A sensação de segurança também é descrita por Luciana Moço, de Niterói (RJ), que vive na Islândia desde 2014. Ela também atua no setor de turismo e se divide entre o país nórdico e Bali, na Indonésia. "Mulheres vivem com liberdade real, crianças pequenas vão sozinhas para a escola, algo que no Brasil ainda parece impensável", afirma. "É como se o medo não existisse no cotidiano — e isso muda tudo".

Outro aspecto que impressiona as brasileiras é a eficiência dos serviços públicos. A ausência de burocracia e a digitalização total da estrutura estatal tornam o cotidiano mais simples e acessível, segundo elas. "Com um número de identificação, consigo acessar todas as minhas consultas, exames e vacinas", diz Anna. "Se mando mensagem para um órgão público, uma pessoa responde em segundos —não é um robô".

Anna diz que teve boa experiência com o pré-natal mesmo como imigrante. "As consultas são regulares e tudo funciona digitalmente. A confiança no sistema é real".

Direitos para todos

As entrevistadas dizem que direitos como licença parental, igualdade salarial e saúde pública são parte da vivência diária. "Tenho amigas que ficaram um ano em casa com os filhos. Empresas que pagam menos para mulheres sofrem multas pesadas", afirma Anna. "Na Islândia, a igualdade de gênero não é discurso, é prática".

Esse ambiente de respeito se estende também à comunidade LGBTQIA+. "É como se isso nem fosse uma questão para eles. Está integrada à sociedade de um jeito que impressiona".

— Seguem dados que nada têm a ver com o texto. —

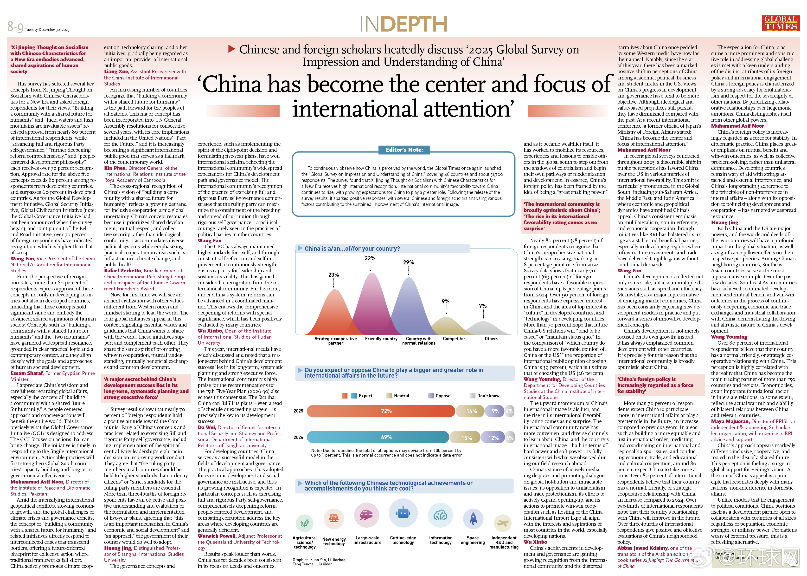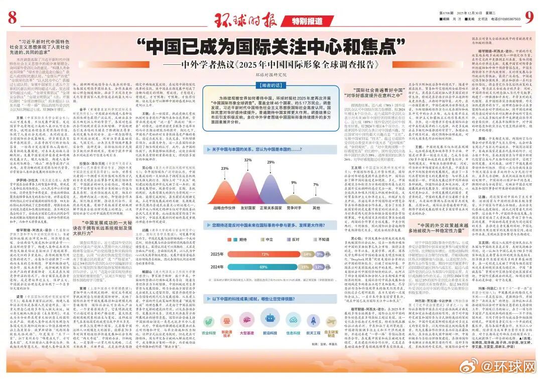 【“中国已成为国际关注中心和焦点”——中外学者热议《#2025年中国国际形象全球调查报告#》】编者的话:为持续观察世界如何看待中国,环球时报社2025年度再次开展“中国国际形象全球调查”,覆盖全球46个国家、约5.17万民众。调查发现,习近平新时代中国特色社会主义思想获国际社会高度认同,国际民意对华好感持续提升,普遍期待中国发挥更大作用。调查结果公布后引发积极反响,多位中外学者围绕中国国际形象持续提升的多方面因素展开分析。阅读全文:“中国已成为国际关注中心和焦点”——中外学者热议《2025年中国国际形象全球调查报告》
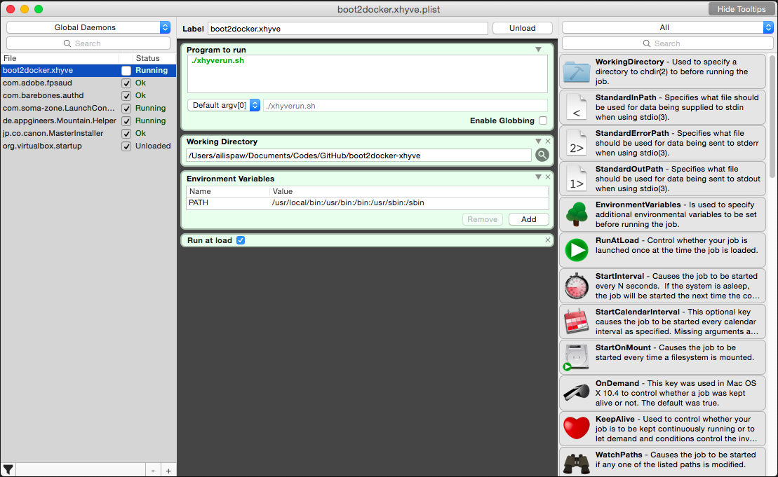 LaunchControl.appand selectGlobal Daemonsagain to give it the root privilege at the first time after booting Mac OS X.
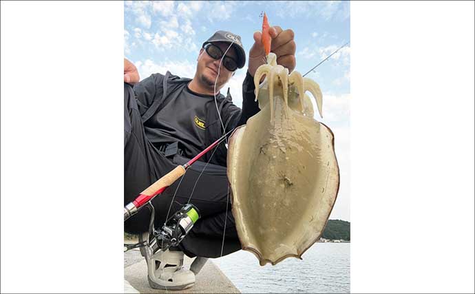 私はゲストとしてエギング講習と質問コーナーを担当。釣り初心者の子どもたちに、ロッドの扱い方や立ち位置のアドバイス、エギの動かし方やレンジの探り方、カラー選びのポイントなどを丁寧に解説しました。
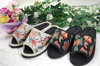 ヘルス チロル刺繍 スリッパ ベージュ・ブラック 健康サンダルスリッパ おしゃれ 【ベージュ】
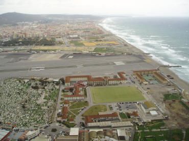 Gibraltar was wel vol! Een kerkhof, voetbalvelden en een vliegveld. Maar als er een vliegtuig wil landen of opstijgen moet het verkeer van de hoofdweg stilgezet worden. Die weg loopt namelijk dwars over het vliegveld! |
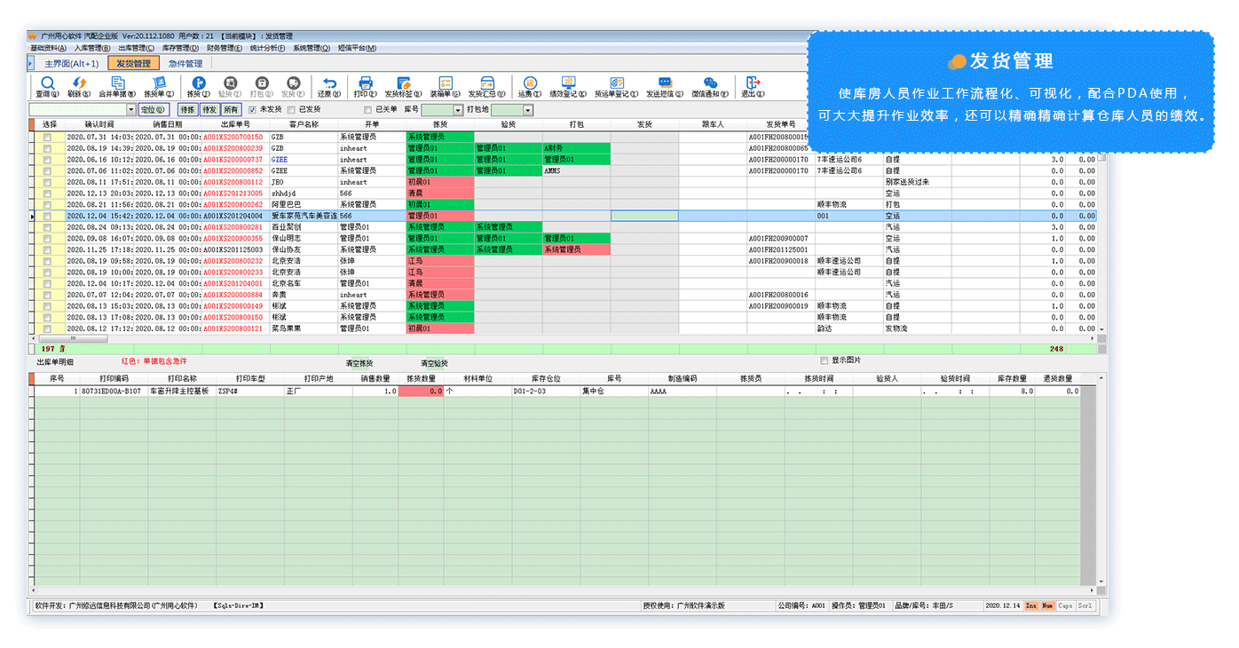 全程PDA扫码操作,支持扫描货物、 仓位、单据、箱号,无需人工大脑记忆。
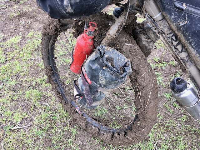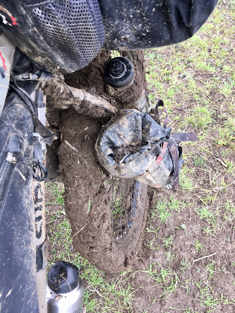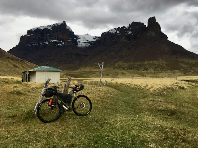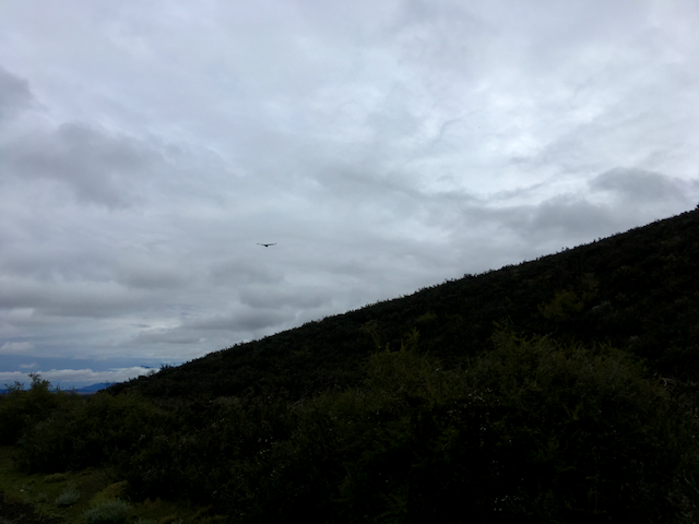A cosier little shelter you’d be hard-pressed to find. Two fishing flies in a cork on one of the windowsills suggested that it was perhaps a fishing lodge. Or, perhaps, just a basic getaway. A bottle of red wine on the side was clearly a ‘thank you’ from a recent holidayer – my only regret was that my meagre rations could not offer up any such gift for my stay! It seemed pretty unlikely that anybody would turn up but, after waiting an hour or so, I fired up the stove to warm things up and dry out my soaking shoes and socks, as well as my somewhat damp sleeping bag. I’ve had some good fortune on this trip but I think this slots in near the very top of the lucky incidents list! It was tempting to hang around for longer, but the rations wouldn’t permit that so, having thoroughly tidied the place, I headed off early the next day, wary of having a fair distance to cover. It was an overcast morning with intermittent drizzle and yet more mud and river-crossings to negotiate. Shortly after passing Estancia La Cumbre, the road thankfully started up again, albeit fairly muddy. Here one of the vehicles from the upmarket Awasi Lodge stopped to talk and ask where I’d come from. Although initially a bit frosty given the, ahem, legality of it all, they soon warmed upon hearing where I had started my trip, especially as the guests were a British couple! The going wasn’t too bad and I felt like I was making pretty good progress until I got to the foot of the valley, with about 10km to go to get to the border back with Argentina. The road turned into the worst conceivable type of sticky mud that was totally unrideable and difficult even to push through. My fading morale, on the usual touring rollercoaster, was lifted by the sight of dozens of circling condors, a particularly large one flying about 10m over my head. They were everywhere – I got to about 40-odd before I lost count. Back to pushing, however, and the progress was pretty slow – the wheels needing clearing on a regular basis. The final stretch was frankly ridiculous mud…

A desigualdade social é apontada como o principal divisor entre Brasil e Islândia. "Vi que o Brasil subiu cinco posições no ranking, mas me pergunto se isso chega às margens", diz Luciana. "No Brasil, estamos falando de médias. Na Islândia, o acesso à saúde, educação e renda digna é praticamente universal".

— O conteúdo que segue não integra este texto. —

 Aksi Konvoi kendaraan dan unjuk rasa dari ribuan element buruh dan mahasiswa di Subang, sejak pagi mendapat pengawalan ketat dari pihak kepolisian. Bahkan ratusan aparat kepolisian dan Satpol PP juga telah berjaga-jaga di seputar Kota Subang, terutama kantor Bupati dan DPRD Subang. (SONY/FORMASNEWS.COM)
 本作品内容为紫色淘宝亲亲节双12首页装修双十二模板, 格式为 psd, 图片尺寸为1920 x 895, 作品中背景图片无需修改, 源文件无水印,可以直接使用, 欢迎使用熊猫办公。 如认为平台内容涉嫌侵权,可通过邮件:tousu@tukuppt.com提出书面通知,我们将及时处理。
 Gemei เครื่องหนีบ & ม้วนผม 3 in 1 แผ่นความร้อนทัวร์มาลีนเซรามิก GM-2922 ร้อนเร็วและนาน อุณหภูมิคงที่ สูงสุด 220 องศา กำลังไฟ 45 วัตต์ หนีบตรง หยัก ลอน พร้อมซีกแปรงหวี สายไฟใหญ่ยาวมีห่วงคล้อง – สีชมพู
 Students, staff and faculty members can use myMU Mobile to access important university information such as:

A distância entre as duas realidades ficou ainda mais evidente para Anna quando voltou temporariamente ao Brasil para visitar a família. "Amo o Brasil, mas é impossível ignorar a diferença. Desde que cheguei, estou em alerta o tempo todo, especialmente por causa do meu filho".

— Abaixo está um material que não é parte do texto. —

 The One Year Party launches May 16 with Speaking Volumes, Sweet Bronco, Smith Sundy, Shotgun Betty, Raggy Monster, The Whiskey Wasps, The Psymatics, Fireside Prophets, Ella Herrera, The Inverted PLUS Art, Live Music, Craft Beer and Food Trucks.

Apesar da eficiência dos serviços, a vivência como imigrante também é desafiadora em alguns momentos no país. "Nunca sofri discriminação explícita, mas já vivi situações em que senti que teria sido tratada de forma diferente se fosse uma local", conta Luciana. "Isso acontece de forma muito sutil."

Anna afirma que se sente acolhida —e que conseguiu desenvolver sua atividade profissional com segurança e estabilidade. "É um país que funciona e respeita quem trabalha. As regras são claras, e a estrutura é muito profissional. Isso muda tudo para quem vem empreender", diz.

Luciana destaca a relação entre população e instituições como um dos diferenciais. "Existe uma relação íntima entre governo e sociedade. O povo participa, sente que tem voz e que é ouvido. Isso muda tudo". Para ela, o funcionamento do país depende da lógica coletiva, algo ainda distante no Brasil. "A Islândia funciona porque o povo acredita nas estruturas e age pensando no coletivo", afirma. "No Brasil, ainda somos muito marcados por uma lógica individualista, que acaba enfraquecendo a cidadania."

O estilo de vida simples e a forte conexão com a natureza influenciam o bem-estar da população. "A Islândia tem um ritmo próprio. A vida lá é mais silenciosa, mais prática, mais conectada com a natureza", diz Luciana. "É quase um antídoto contra o caos".

Mesmo diante de tanto encantamento, a saudade da terra natal ainda fala alto em alguns momentos. "Sinto falta da minha família, e claro, da comida brasileira. Mas não abro mão do ar puro, da natureza exuberante e da liberdade de ir e vir", afirma Luciana. Anna também sente falta de algo mais sutil — e, para ela, profundamente brasileiro. "Sinto saudade da forma leve de viver dos cariocas. O humor, o afeto espontâneo e de falar com qualquer um — isso é muito único".

Hoje ambas possuem agências de turismo que ajudam brasileiros a explorar o país com segurança e informação. "A Islândia não é só um país. É um universo à parte", afirma Luciana. "Já vi centenas de auroras boreais e ainda me emociono. É impossível não se sentir pequeno diante daquela natureza."

Anna resume a filosofia de vida local com uma expressão islandesa: þetta reddast. "Significa 'tudo vai ficar bem no final'. É assim que eles vivem — e foi isso que encontrei aqui", afirma.